[Items from a dataset]
--*--
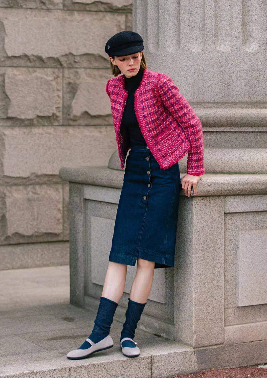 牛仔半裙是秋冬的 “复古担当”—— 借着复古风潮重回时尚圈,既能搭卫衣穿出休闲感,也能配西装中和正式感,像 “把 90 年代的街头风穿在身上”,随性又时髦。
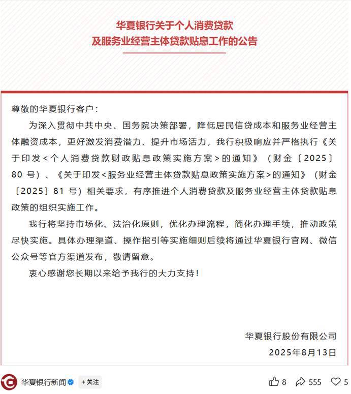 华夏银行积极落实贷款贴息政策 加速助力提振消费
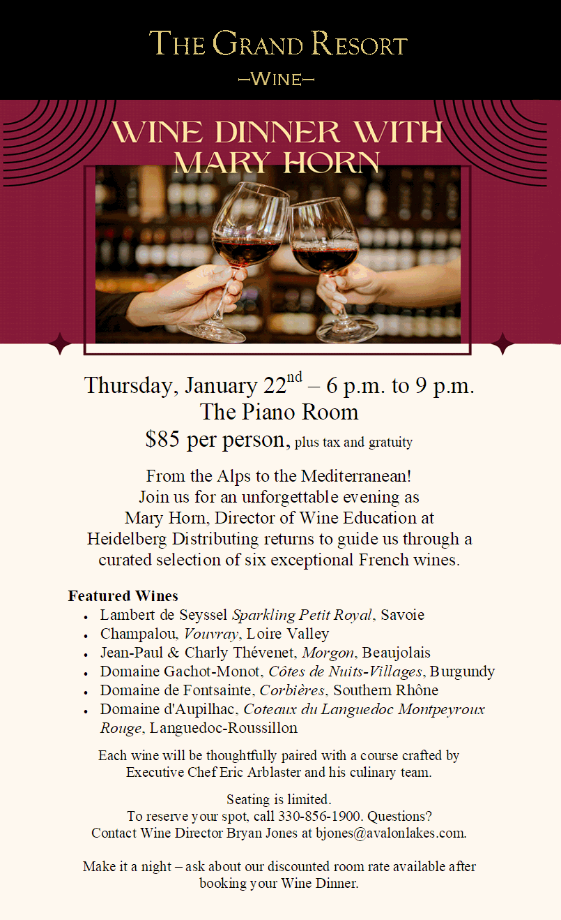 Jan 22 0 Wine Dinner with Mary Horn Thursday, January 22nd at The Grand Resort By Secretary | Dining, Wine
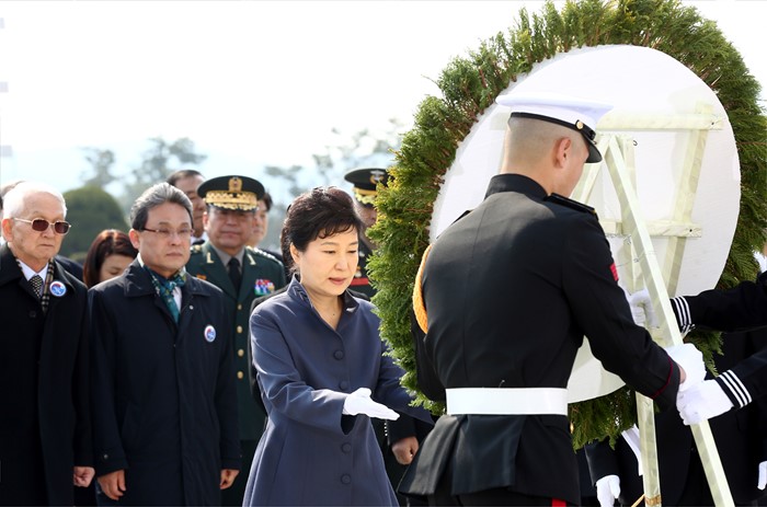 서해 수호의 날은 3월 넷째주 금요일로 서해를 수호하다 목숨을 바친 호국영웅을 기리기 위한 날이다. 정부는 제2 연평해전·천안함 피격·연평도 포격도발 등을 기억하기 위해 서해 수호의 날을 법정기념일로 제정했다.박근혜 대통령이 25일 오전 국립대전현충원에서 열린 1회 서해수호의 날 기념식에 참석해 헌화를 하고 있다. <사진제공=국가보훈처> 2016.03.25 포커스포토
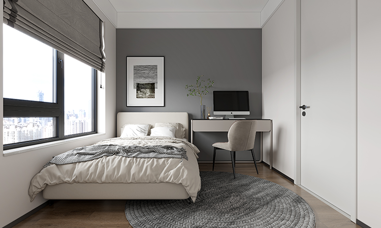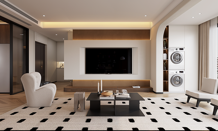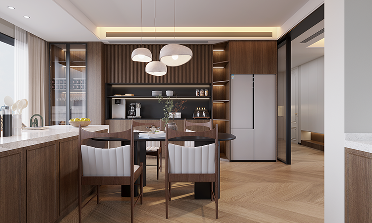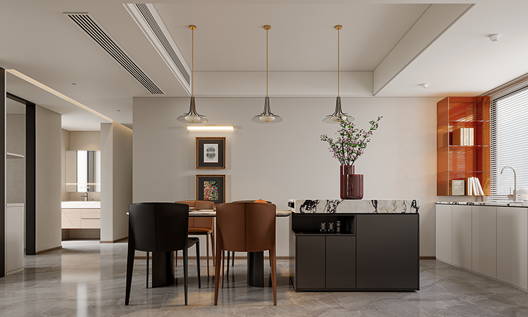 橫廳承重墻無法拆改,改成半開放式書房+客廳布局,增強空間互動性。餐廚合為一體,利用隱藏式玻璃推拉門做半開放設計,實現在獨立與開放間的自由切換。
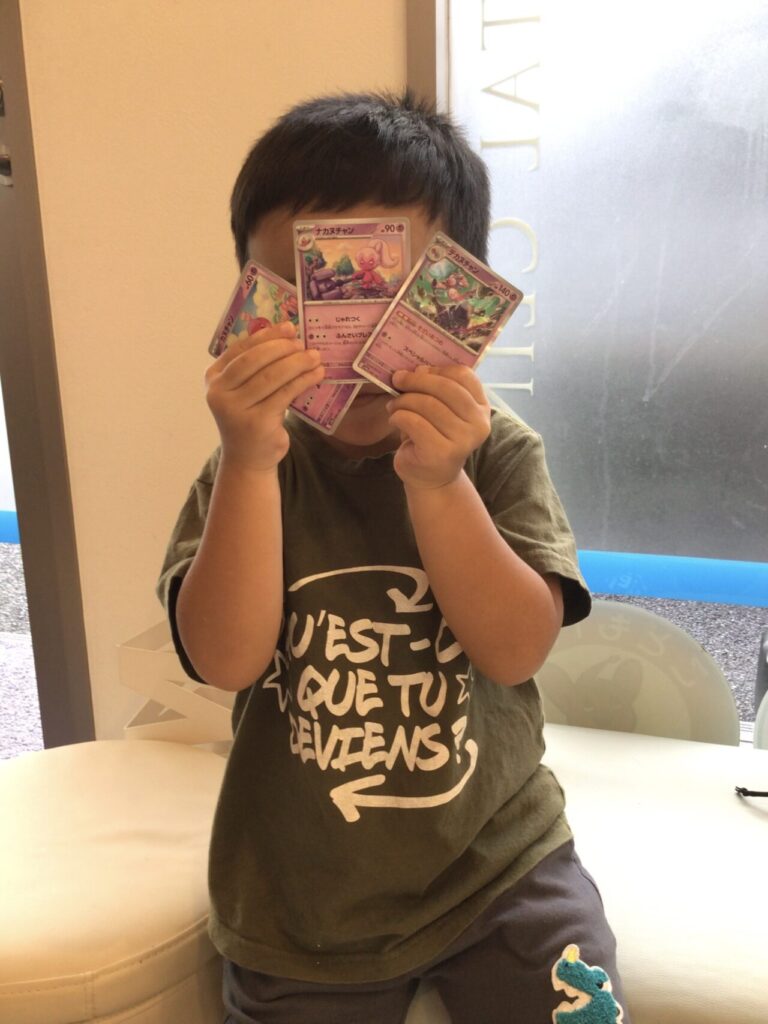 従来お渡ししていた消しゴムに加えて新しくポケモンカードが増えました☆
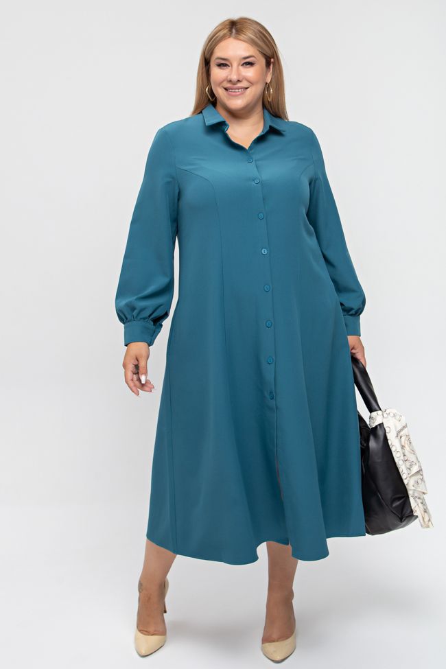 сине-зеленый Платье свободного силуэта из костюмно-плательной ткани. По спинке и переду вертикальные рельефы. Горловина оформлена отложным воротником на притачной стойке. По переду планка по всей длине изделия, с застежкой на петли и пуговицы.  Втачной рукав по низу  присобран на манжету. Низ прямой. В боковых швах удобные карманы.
--*--
From the first line of the entries down to the line with "従来お渡ししていた消しゴムに加えて新しくポケモンカードが増えました☆", print each line exactly; omit any picture.

→ ANSWER SPACE:
 牛仔半裙是秋冬的 “复古担当”—— 借着复古风潮重回时尚圈,既能搭卫衣穿出休闲感,也能配西装中和正式感,像 “把 90 年代的街头风穿在身上”,随性又时髦。
 华夏银行积极落实贷款贴息政策 加速助力提振消费
 Jan 22 0 Wine Dinner with Mary Horn Thursday, January 22nd at The Grand Resort By Secretary | Dining, Wine
 서해 수호의 날은 3월 넷째주 금요일로 서해를 수호하다 목숨을 바친 호국영웅을 기리기 위한 날이다. 정부는 제2 연평해전·천안함 피격·연평도 포격도발 등을 기억하기 위해 서해 수호의 날을 법정기념일로 제정했다.박근혜 대통령이 25일 오전 국립대전현충원에서 열린 1회 서해수호의 날 기념식에 참석해 헌화를 하고 있다. <사진제공=국가보훈처> 2016.03.25 포커스포토
 橫廳承重墻無法拆改,改成半開放式書房+客廳布局,增強空間互動性。餐廚合為一體,利用隱藏式玻璃推拉門做半開放設計,實現在獨立與開放間的自由切換。
 従来お渡ししていた消しゴムに加えて新しくポケモンカードが増えました☆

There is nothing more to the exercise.